Mardi 10 Octobre 2006

Où en est-on sur la question de la sécurité dans le secteur de l’automobile à La Réunion ? Le point sur les avancées acquises et celles qu’il reste à conquérir avec Jacques Bhugon, Secrétaire général de la CGTR Auto-Moto.


La prévention du CHSCT
À La Réunion, "le taux de fréquence des accidents du travail dans le secteur de la réparation automobile est supérieur à la moyenne nationale", écrit la Sécurité sociale. Plus loin, la CGSS-Réunion note que "les responsables dans cette profession, constituée de très nombreuses entreprises de petite taille, doivent assurer le plus souvent seuls, les diverses fonctions de l’entreprise, et notamment l’organisation de la prévention".

Quel est l’impact de l’activité syndicale sur le plan de la sécurité du travail à La Réunion ?

"Grâce à une formation syndicale permanente, les délégués peuvent intervenir rapidement.
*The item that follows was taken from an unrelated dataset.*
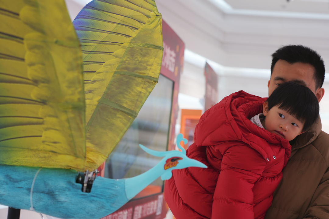 高仿生大型扑翼飞行机器人吸引孩童目光。

Cela passe notamment par le respect du droit de retrait, nous devons être toujours dans la bataille derrière les patrons. À la CGTR Auto-Moto, chaque militant est capable de faire face à toutes les situations dans un garage. Par ailleurs, le travail de communication a payé. Les employeurs sont conscients de l’importance de la question de la sécurité, d’autant plus que leurs cotisations sont fonction du nombre d’accidents recensés. Par ailleurs, il est à noter que les constructeurs imposent des normes strictes aux concessionnaires, des normes ISO, que ces derniers doivent respecter s’ils veulent garder leur carte. C’est aussi un bon point pour la sécurité."

Par exemple ?
"À Dindar Autos, depuis la mise en place d’un syndicat, d’un Comité d’entreprise et d’un Comité d’hygiène, de sécurité et des conditions de travail (CHSCT), des contrôles de l’Inspection du Travail ont eu lieu. Cela a débouché sur l’obligation de la remise aux normes, ce qui a été fait."

Et dans les petites entreprises ?

"Il est plus difficile de faire respecter les normes. Les salariés sont exposés à des risques, et les contrôles sont insuffisants. Le salarié a besoin de travailler, quitte à prendre des risques, il va exercer dans un atelier qui ne réunit pas toutes les conditions de sécurité.
C’est le cas par exemple des peintres qui travaillent dans une cabine sans masque de protection. C’est celui des pompistes qui respirent à longueur de journée des effluves de benzènes, les mécaniciens qui manipulent des batteries chargées de plomb ou des garnitures de freins remplies de fibres cancérigènes. La nécessité est de toujours tout contrôler. N’oublions pas le travail clandestin présent dans le secteur. Et il arrive souvent que lorsqu’un salarié a un accident du travail, il découvre qu’il n’est pas déclaré par son employeur."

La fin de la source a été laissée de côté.